I spent the past few weeks trying to figure out how


in OBS capture the mic audio
adjust it via sound effects (noise gate etc)
send the audio to VB virtual cable
use that modified audio in Zoom.
But it seems not to work.

This is what I did:

I installed the VB Cable (https://vb-audio.com/Cable/)
I installed OBS
I added an audio input device (mic)
Set the OBS voice meter to VB Virtual cable
Set Zoom / Screencastify (recording) mic to VB cable

could any body help me what I am doing wrong?

I assume with OBS and Virtual Cable the settings in OBS in windows is the same


----------



## cekuhnen (Oct 24, 2020)

Hi Calvin

Thank you for sharing. I struggle with step 3. I do not find an NDI Tools Input

I assume you mean NDI Source? I can find the NDI Output names there


----------



## cekuhnen (Oct 24, 2020)

No worries 

could you later make a screenshot of your settings ?


----------



## cekuhnen (Oct 26, 2020)

Very nice - so the NewTek software basically is the rerouting tool for audio and video.

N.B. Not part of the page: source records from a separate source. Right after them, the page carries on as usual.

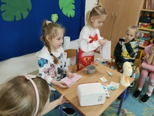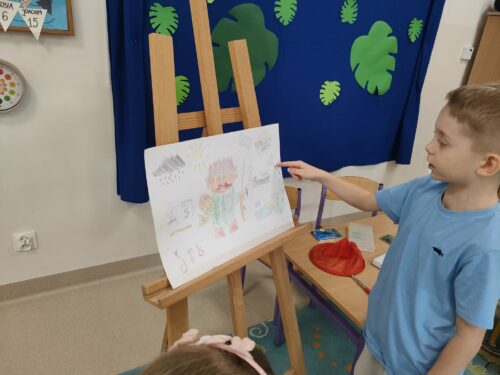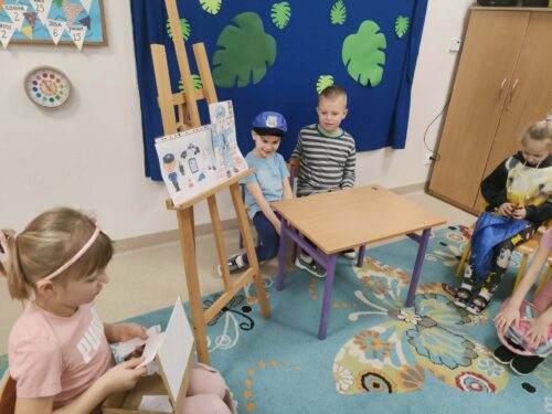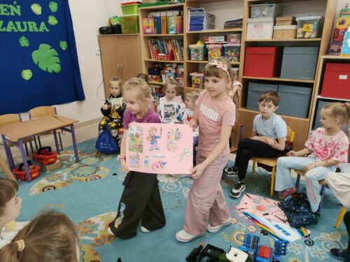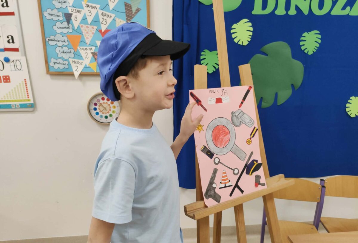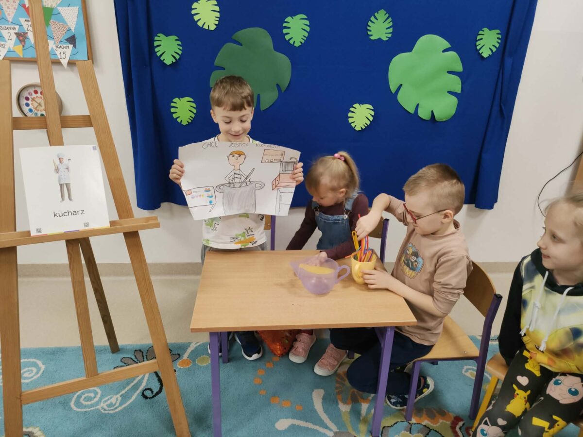 W miniony czwartek – 5.03.2026 r. w grupie 0A odbył się Dzień Zawodów. Tego dnia dzieci miały okazję zaprezentować wybrane przez siebie profesje oraz opowiedzieć o tym, na czym polega praca w danym zawodzie. Dzieci przygotowały się do wydarzenia w domu razem z rodzicami. Przyniosły kolorowe rysunki i plakaty przedstawiające różne zawody, a także akcesoria związane z wybraną profesją. Dzięki temu mogliśmy zobaczyć między innymi elementy strojów czy przedmioty używane w codziennej pracy. Niektóre dzieci przygotowały również krótkie scenki, w których w ciekawy i często bardzo zabawny sposób pokazywały, jak wygląda praca przedstawicieli różnych zawodów. Była to świetna okazja do rozwijania kreatywności, odwagi w wystąpieniach przed grupą oraz poznawania świata pracy. Serdecznie dziękujemy dzieciom i rodzicom za zaangażowanie oraz wspaniałe przygotowanie do tego wydarzenia.
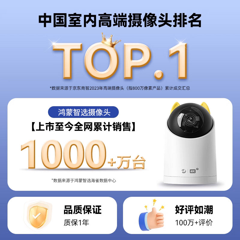 【国家补贴15%】鸿蒙智选4K超高清800万海雀智能摄像头家用室内360度全景夜视无线监控手机远程婴儿宠物摄影
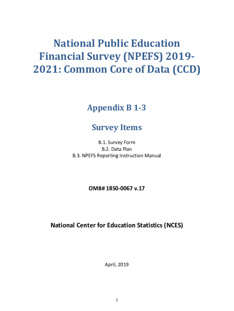 National Public Education Financial Survey (NPEFS) 20192021: Common Core of Data (CCD) Appendix B 13 Survey Items B.1. Survey Form B.2. Data Plan B.3. NPEFS Reporting Instruction ManualOMB# 18500067

I was mainly looking for just capturing the mic audio adjusting it with filters and then sending it to Zoom or a recording app.

I found out that what I did wrong was having in adv audio settings the monitor and output off.

With it on the mic audio will be looped to my monitor output which is VB Cable.

What you show will be very interesting for faculty who want to use OBS also for recording mixing


----------